§ **WHAT IS EXPECTED**: Return nothing but the lines from the one with "Kegiatan tersebut ditandai" through the one with "スカウトは上下で別の数字が記" in the data below, word for word and without pictures.

§ **DATA RECORDS**:
• • • • • • •
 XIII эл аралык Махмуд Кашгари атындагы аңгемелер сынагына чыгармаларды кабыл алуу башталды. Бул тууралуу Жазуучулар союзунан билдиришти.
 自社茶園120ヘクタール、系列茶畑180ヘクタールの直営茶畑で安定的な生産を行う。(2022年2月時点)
• • • • • • •
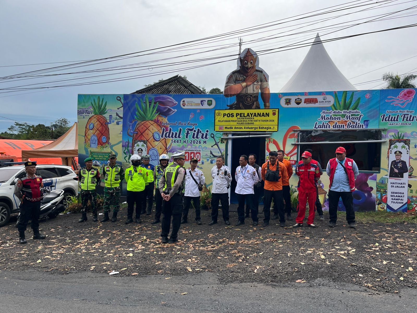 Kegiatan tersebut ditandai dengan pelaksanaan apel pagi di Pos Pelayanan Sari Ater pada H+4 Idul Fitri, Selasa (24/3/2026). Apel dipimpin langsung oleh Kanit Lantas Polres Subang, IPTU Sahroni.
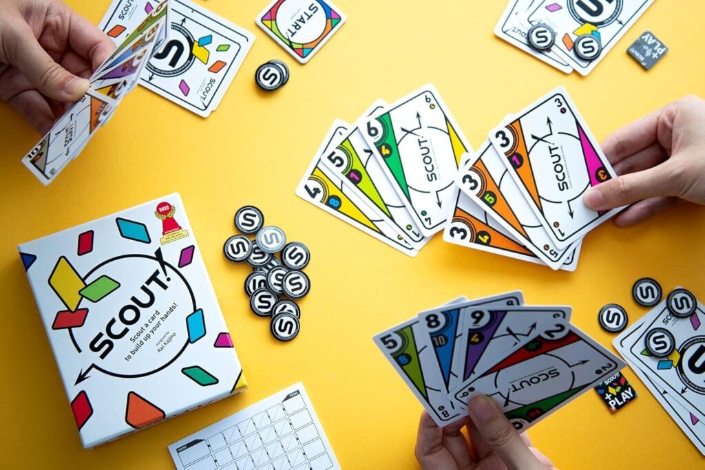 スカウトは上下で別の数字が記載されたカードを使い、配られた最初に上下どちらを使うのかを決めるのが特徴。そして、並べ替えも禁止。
• • • • • • •
§ **RESPONSE BELOW**:
 Kegiatan tersebut ditandai dengan pelaksanaan apel pagi di Pos Pelayanan Sari Ater pada H+4 Idul Fitri, Selasa (24/3/2026). Apel dipimpin langsung oleh Kanit Lantas Polres Subang, IPTU Sahroni.
 スカウトは上下で別の数字が記載されたカードを使い、配られた最初に上下どちらを使うのかを決めるのが特徴。そして、並べ替えも禁止。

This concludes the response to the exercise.